DATA PROVIDED =>
-=-=-=-=-
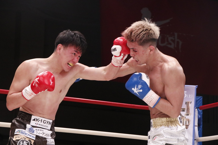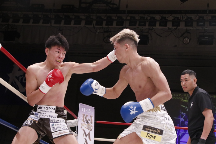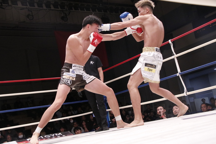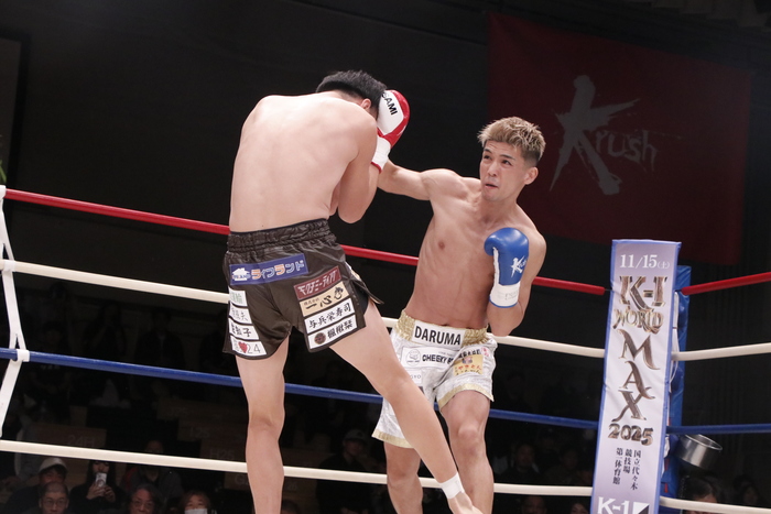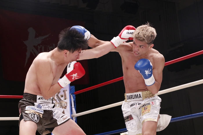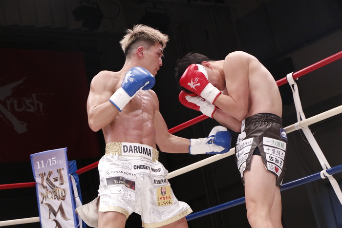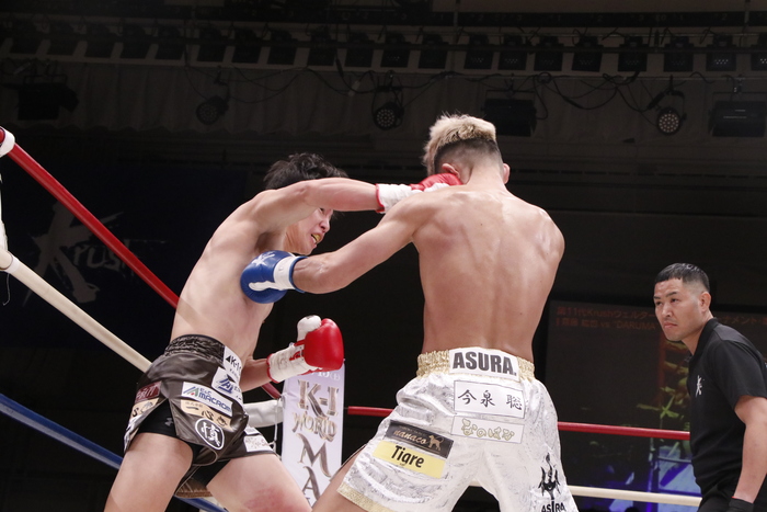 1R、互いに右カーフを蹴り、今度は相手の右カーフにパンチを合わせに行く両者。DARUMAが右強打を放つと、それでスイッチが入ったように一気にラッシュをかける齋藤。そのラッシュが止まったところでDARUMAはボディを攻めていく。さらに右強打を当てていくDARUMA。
-=-=-=-=-
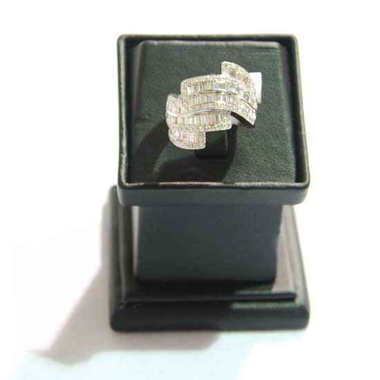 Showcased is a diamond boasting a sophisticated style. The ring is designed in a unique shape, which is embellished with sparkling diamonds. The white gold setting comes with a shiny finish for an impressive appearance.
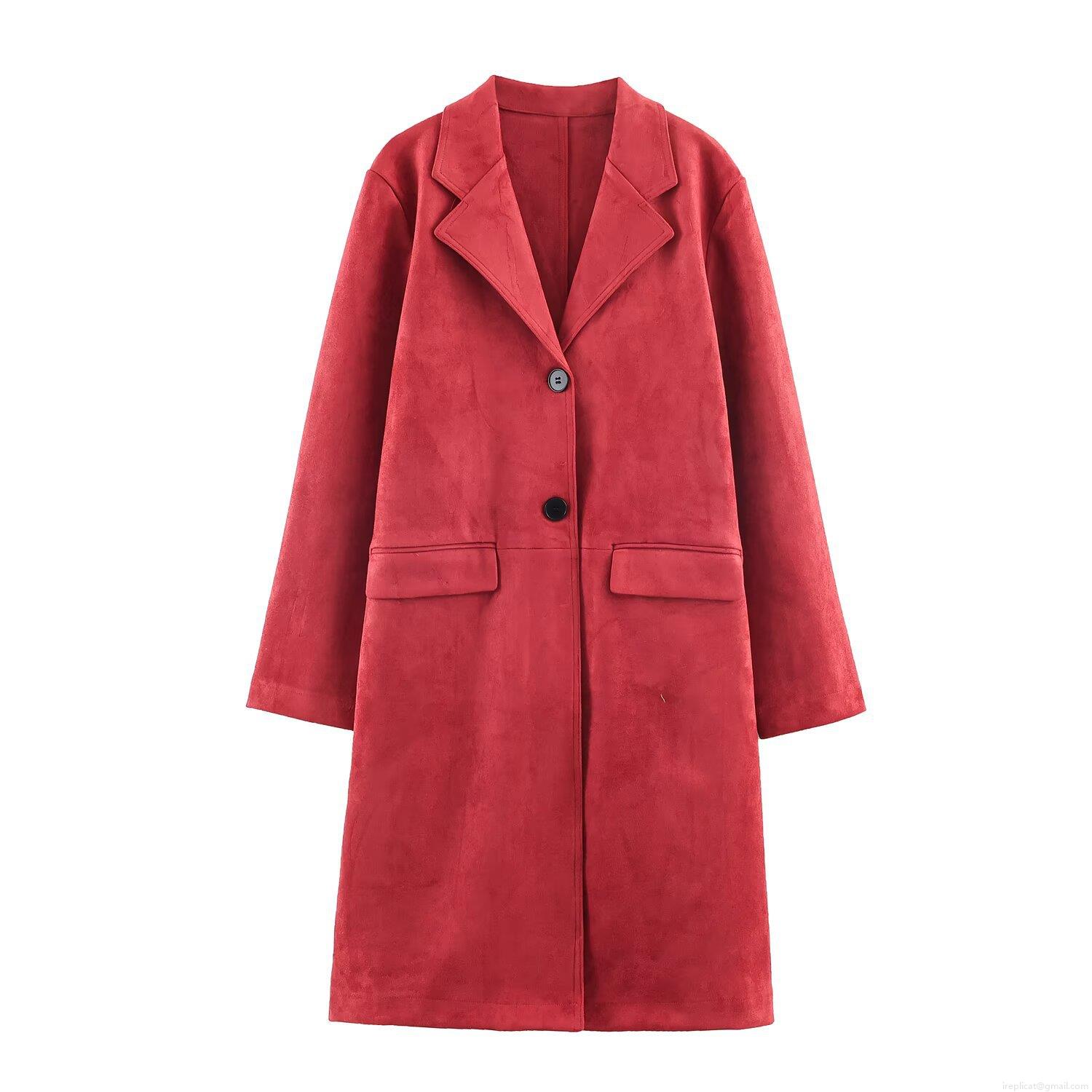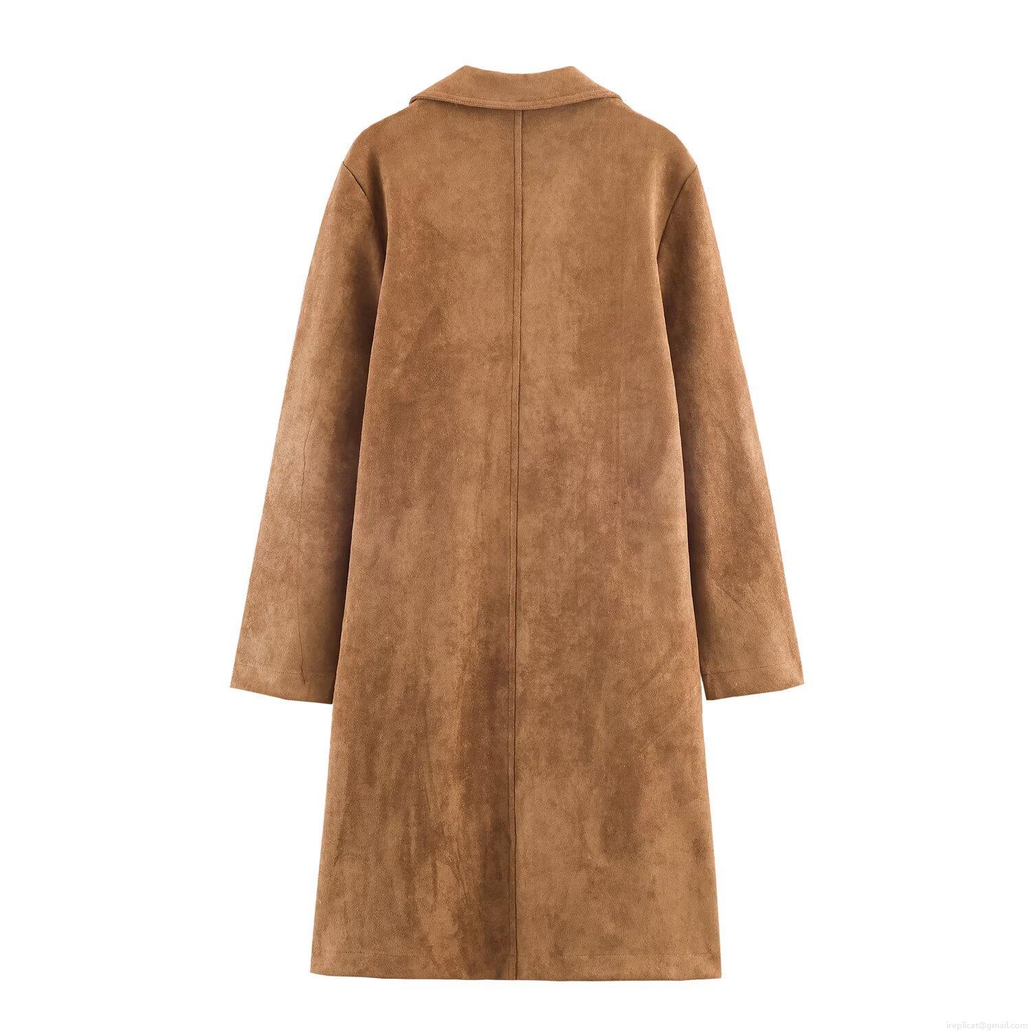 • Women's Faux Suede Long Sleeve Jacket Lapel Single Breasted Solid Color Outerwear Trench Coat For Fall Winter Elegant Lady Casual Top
-=-=-=-=-
WHAT TO PRODUCE =>
Leave the pictures out. Output, exactly, the lines of the material above starting at the line containing "Showcased is a" and ending at the line containing "Lady Casual Top".

SOLUTION =>
 Showcased is a diamond boasting a sophisticated style. The ring is designed in a unique shape, which is embellished with sparkling diamonds. The white gold setting comes with a shiny finish for an impressive appearance.
 • Women's Faux Suede Long Sleeve Jacket Lapel Single Breasted Solid Color Outerwear Trench Coat For Fall Winter Elegant Lady Casual Top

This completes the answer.